## Brief
The lines to output run from the first line of the entries below through the line containing "Designed in sleek"; copy them exactly and leave out pictures.

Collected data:
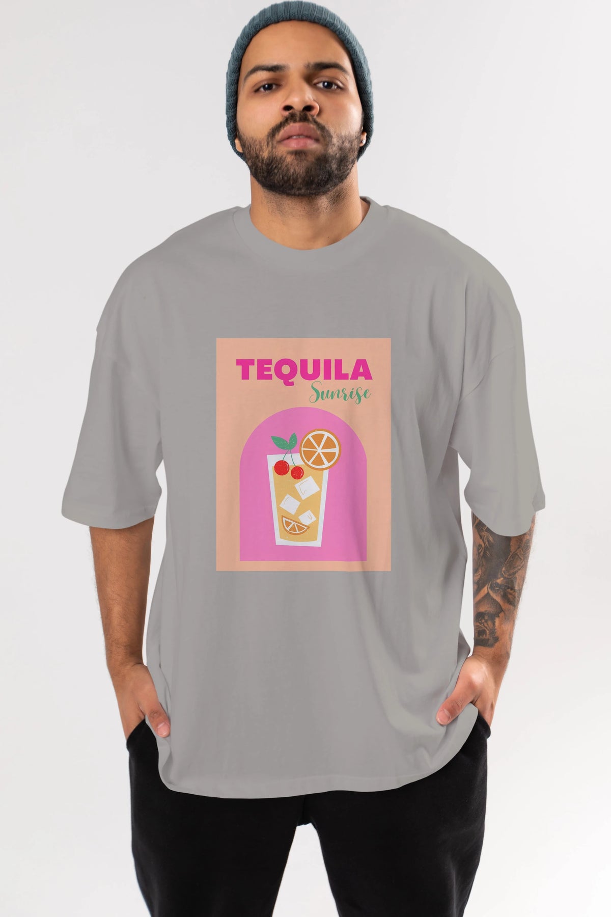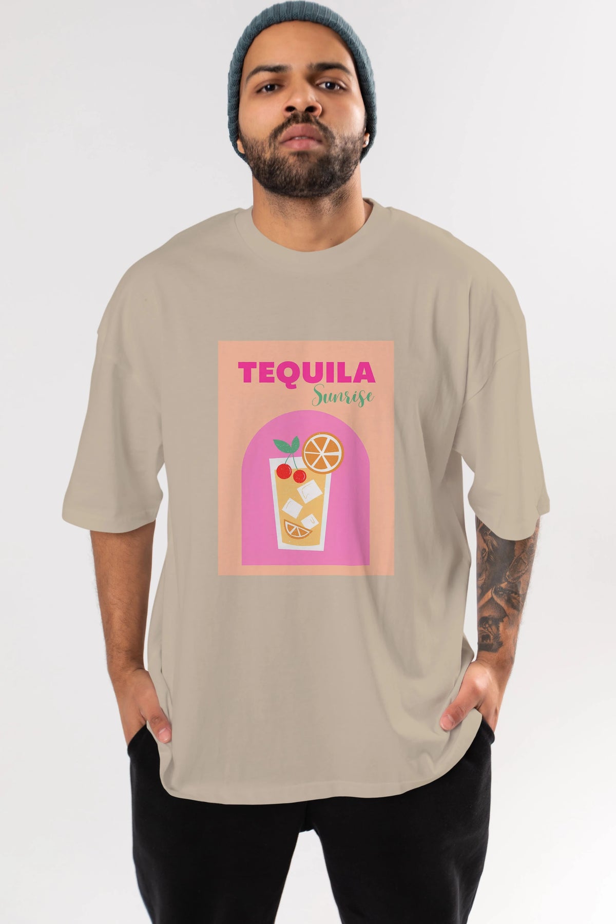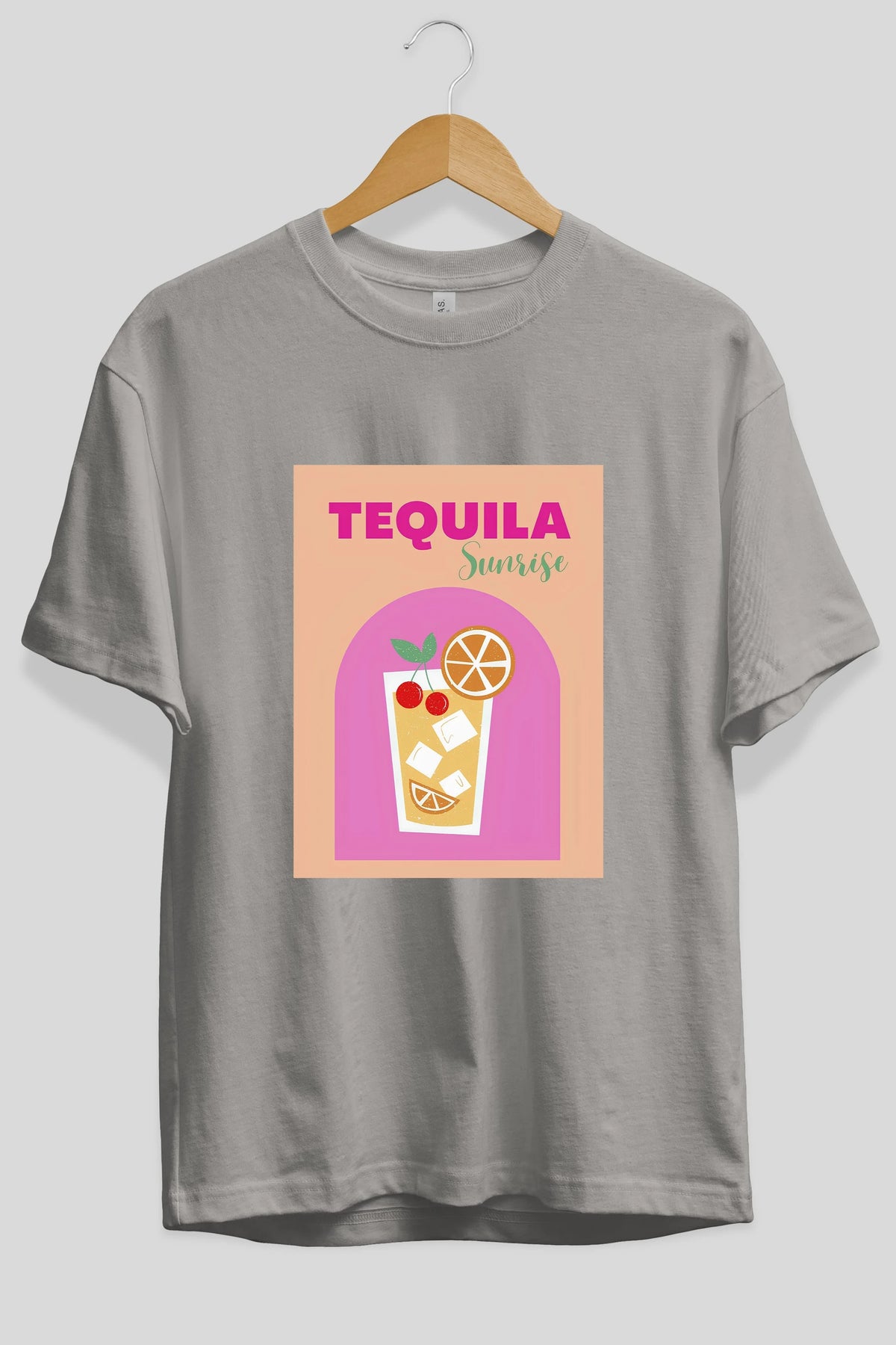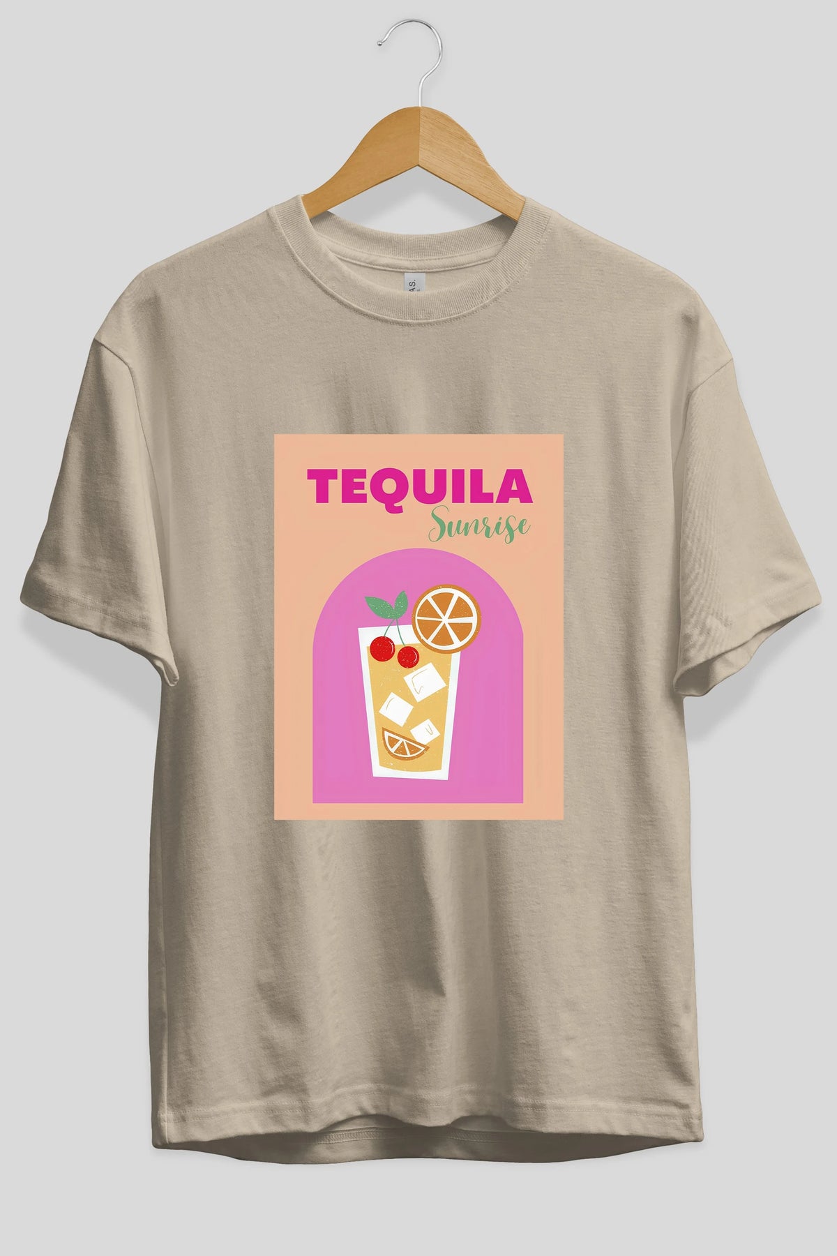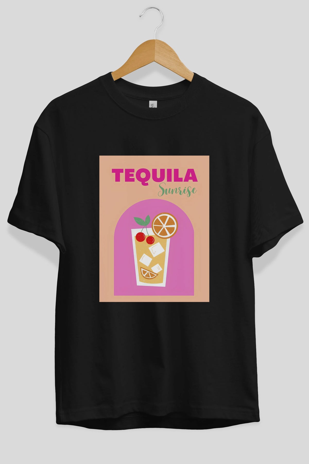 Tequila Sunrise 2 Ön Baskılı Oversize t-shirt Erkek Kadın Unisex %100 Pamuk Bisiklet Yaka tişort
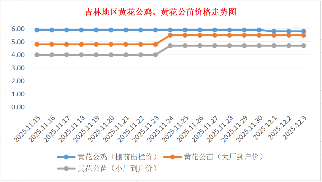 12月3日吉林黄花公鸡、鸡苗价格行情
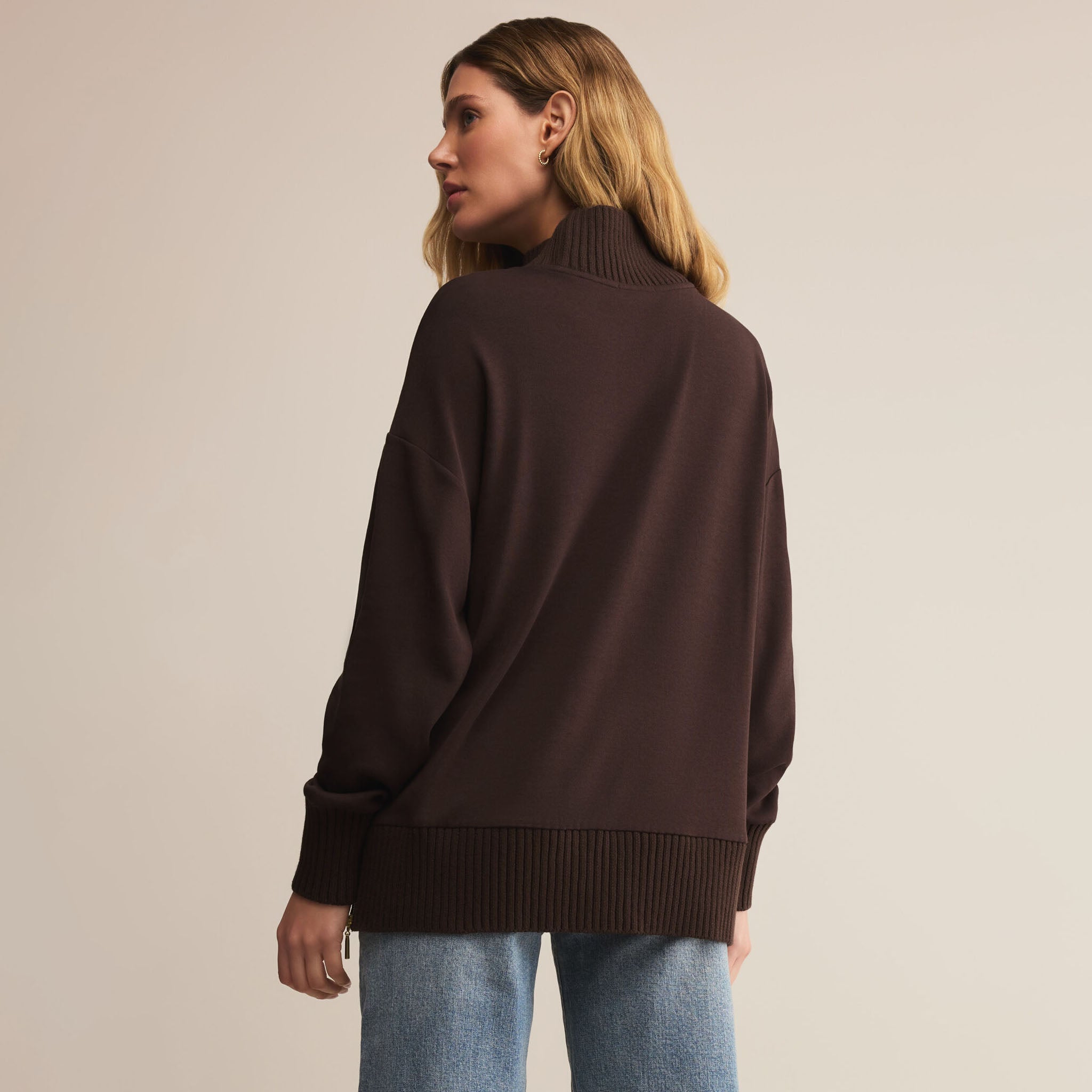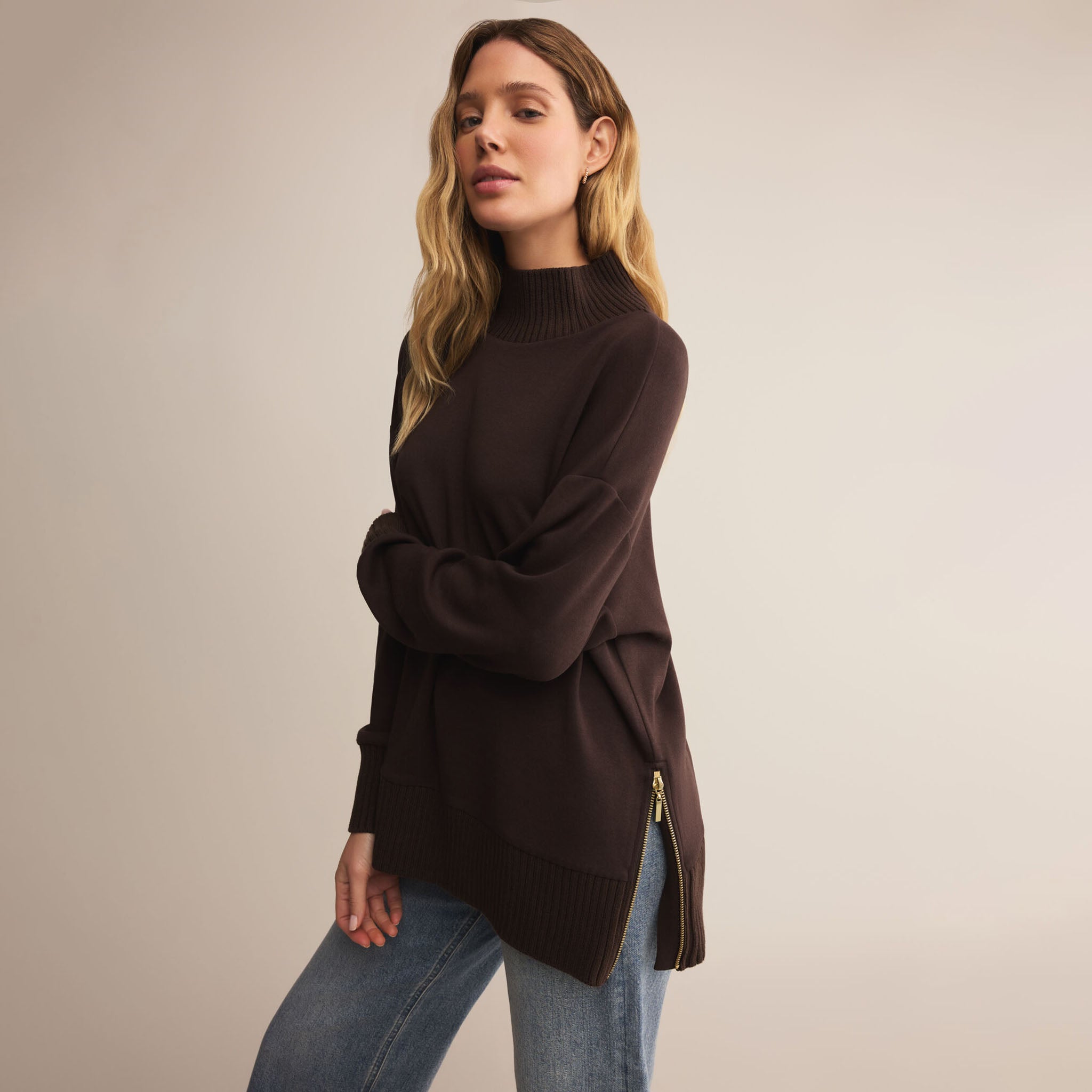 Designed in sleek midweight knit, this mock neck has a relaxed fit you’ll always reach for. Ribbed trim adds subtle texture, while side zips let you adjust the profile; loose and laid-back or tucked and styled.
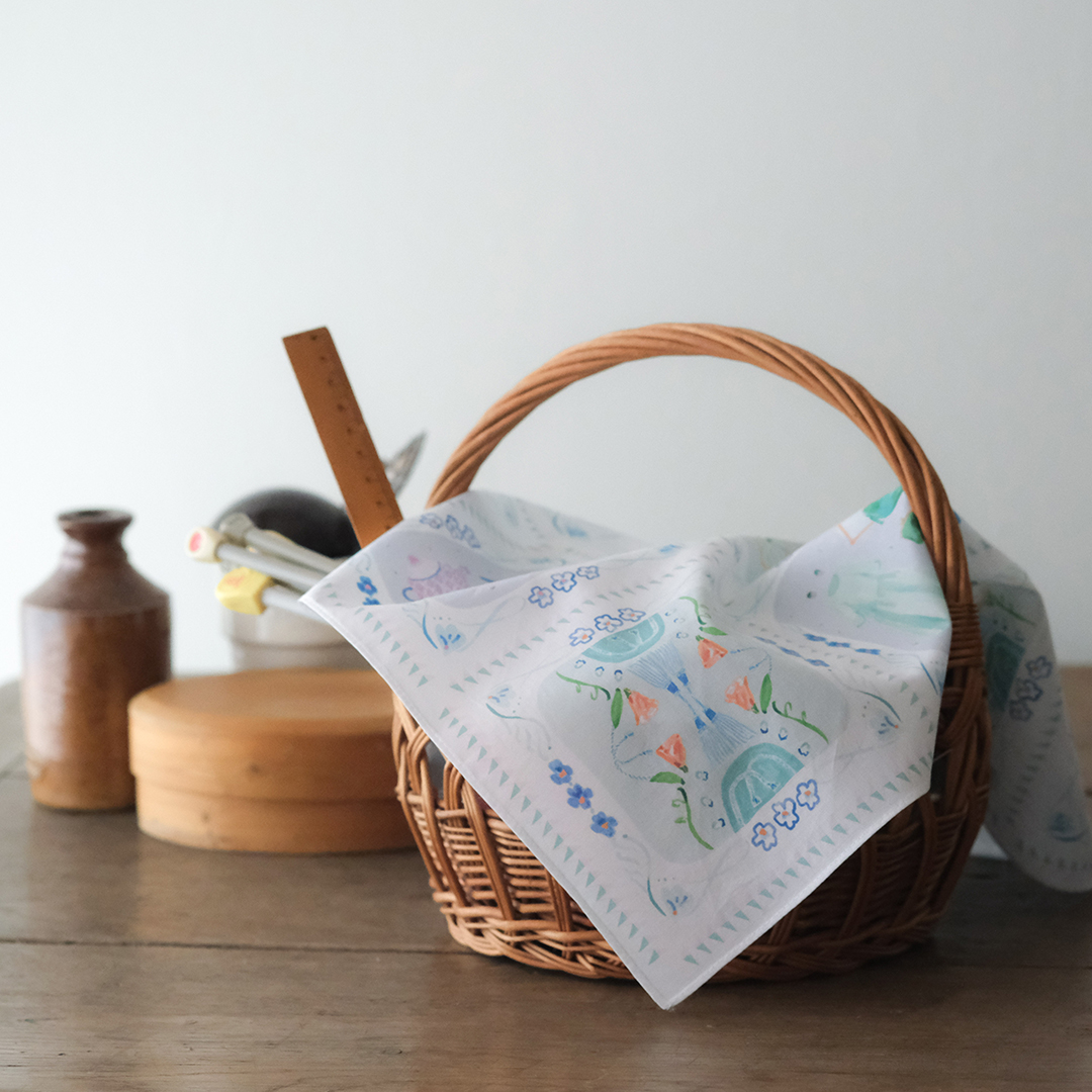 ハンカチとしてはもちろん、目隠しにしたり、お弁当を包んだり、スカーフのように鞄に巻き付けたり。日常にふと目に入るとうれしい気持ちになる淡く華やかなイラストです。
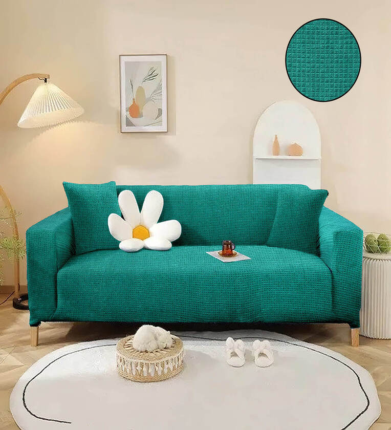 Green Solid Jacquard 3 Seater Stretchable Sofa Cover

## Solution to the exercise
 Tequila Sunrise 2 Ön Baskılı Oversize t-shirt Erkek Kadın Unisex %100 Pamuk Bisiklet Yaka tişort
 12月3日吉林黄花公鸡、鸡苗价格行情
 Designed in sleek midweight knit, this mock neck has a relaxed fit you’ll always reach for. Ribbed trim adds subtle texture, while side zips let you adjust the profile; loose and laid-back or tucked and styled.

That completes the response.